Argo is the bread and butter of our cluster. While k8s maintains the desired number of replicas for a given deployment, it seldom provides this feature for other resources. Not only does Argo enable us reduce drift, it also allows us to import helm charts and other remote manifests, which is what powers the GitOps push-to-deploy feature.
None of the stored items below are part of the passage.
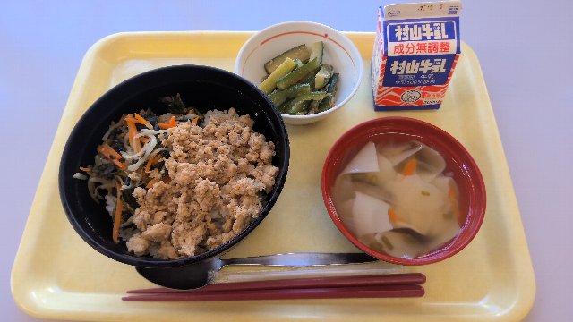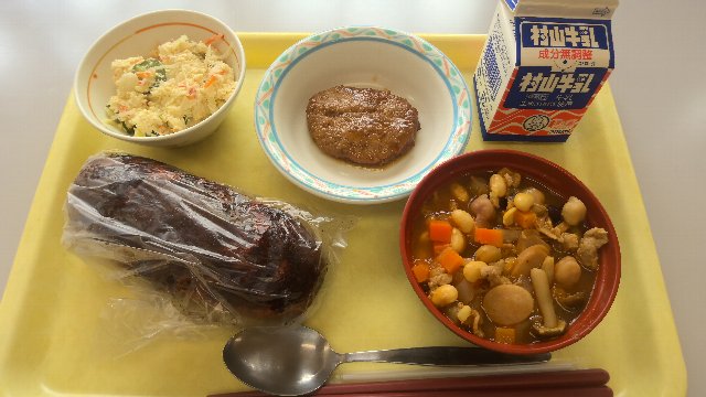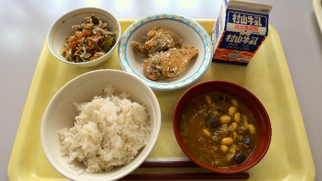 麦ごはん、牛乳、鶏肉の香草焼き、ツナとごぼうの塩きんぴら、県内産大豆入りカレースープ 836kcal
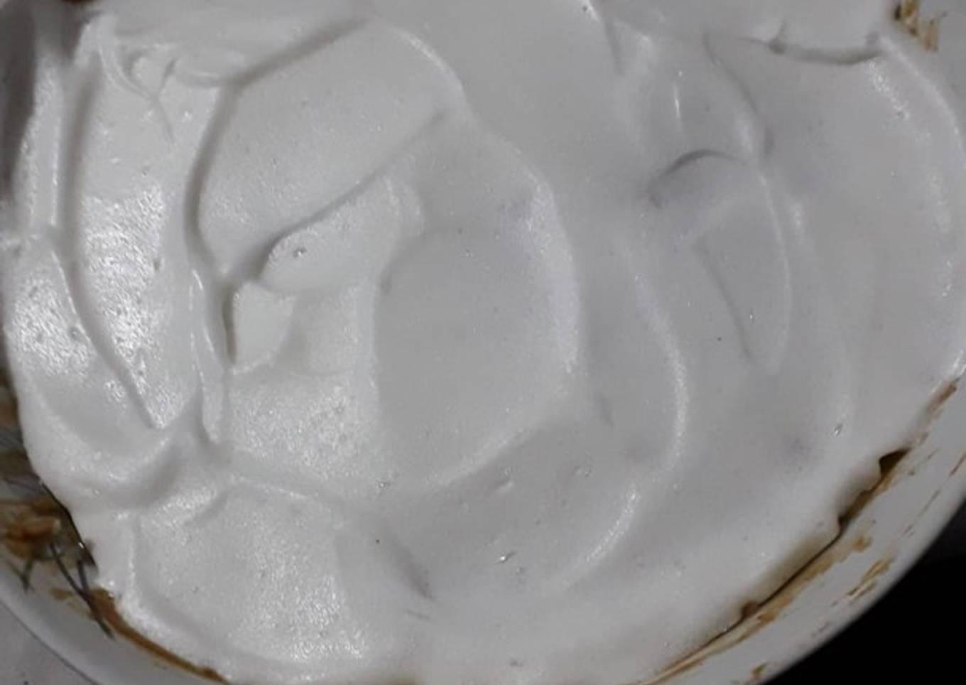 - Por otro lado separa 4 claras de huevo y mezclala con 4 cucharadas soperas de azúcar. Mezclalas con batidora hasta formar un chantilly. Y colócalo arriba del arroz con leche.
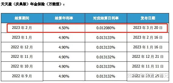 第二个是现行结算利率。结算利率可以作为我们挑选万能账户的参考,但它并不完全固定,保险公司每月会披露结算利率的变动情况。星海赢家(庆典版)可附加的万能账户是天天盈(庆典版)年金险,这个账户保底利率为3%,目前的结算利率为4.5%。
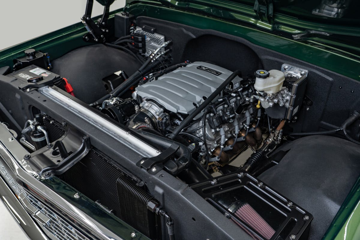 From the factory, the largest engine option for the K5 Blazer was the 350 V-8 with the 250 inline six-cylinder as the standard. For the Signature Series K5 Blazer, Velocity calls on the Chevrolet Gen V LT1, a 6.2-liter engine modestly rated at 460 horsepower. With more than twice the gears GM ever offered, a 10-speed 10L80 transmission will do all the work shifting for the driver. Engine speed stays low and quiet when you’re driving from the Cass Corridor up the Lodge to the Pancake House. When you’re ready to play the Michigan state anthem, press the loud pedal and sing the song of internal combustion burning fuel through a complete custom exhaust with Magnaflow mufflers.
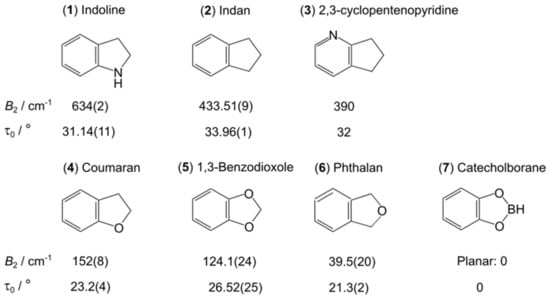 - Caminati, W.; Damiani, D.; Corbelli, G.; Favero, L.B. Ring Puckering Motion in Indan: A Microwave Spectroscopy Study. Mol. Phys. 1992, 75, 857–865. [Google Scholar] [CrossRef]
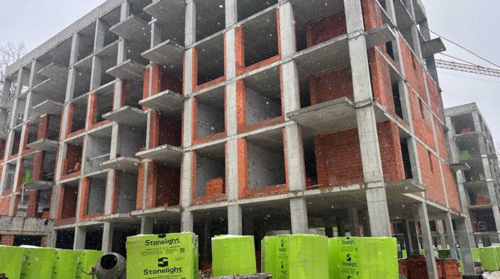 У секції № 11 ЖК «Грінвуд-3» завершено мурування зовнішніх стін на 1-му поверсі. Паралельно ці роботи тривають на 2-му – 3-му поверхах.
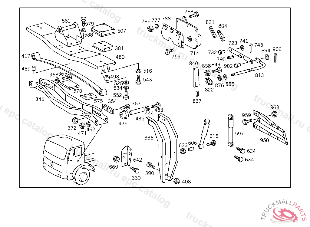 MOUNTING , MODEL 416,417 FOR USE WITH MEDIUM-LENGTH MERCEDES-BENZ CAB FIRST EXHAUST STOCK OF OLD PARTS UP TO IDENT NO. 4 837892, Replaced By: A6208901603

It is not without it flaws however. Being git-based can have its drawbacks, including requiring a commit to update image versions when a new release is created. Tools such as Kargo attempt to fill the gap, but it’s important to recognize that no system is perfect.

Note

Argo is pull based, meaning it is constantly scanning for updates within target repos. To reduce the likelihood of getting rate limited, we supply Argo with a scoped Github access token with read-only permissions.

cert-manager

cert-manager is how we provision TLS certificates for public-facing ingresses. In layman’s terms, this is how we get browsers to trust https, as an invalid TLS cert will actually cause most browsers to prevent you from visiting it without consent. Outside of UX, it’s also critical for maintaining security by encrypting data in transit between the client (your browser) and the server. Internal apps use something similar known as mTLS, but one of the nice features of using a backend-for-frontend (BFF) architecture is that the BFF can directly communicate with the API rather than having to deal with another network hop over the public internet.

CloudNative-pg (cnpg)

CNPG is an operator for creating and managing Postgres clusters on k8s. One feature that stands out is the ability to create databases (e.g. CREATE DATABASE, not another instance of the db) using yaml manifests - this enables further customization via helm charts.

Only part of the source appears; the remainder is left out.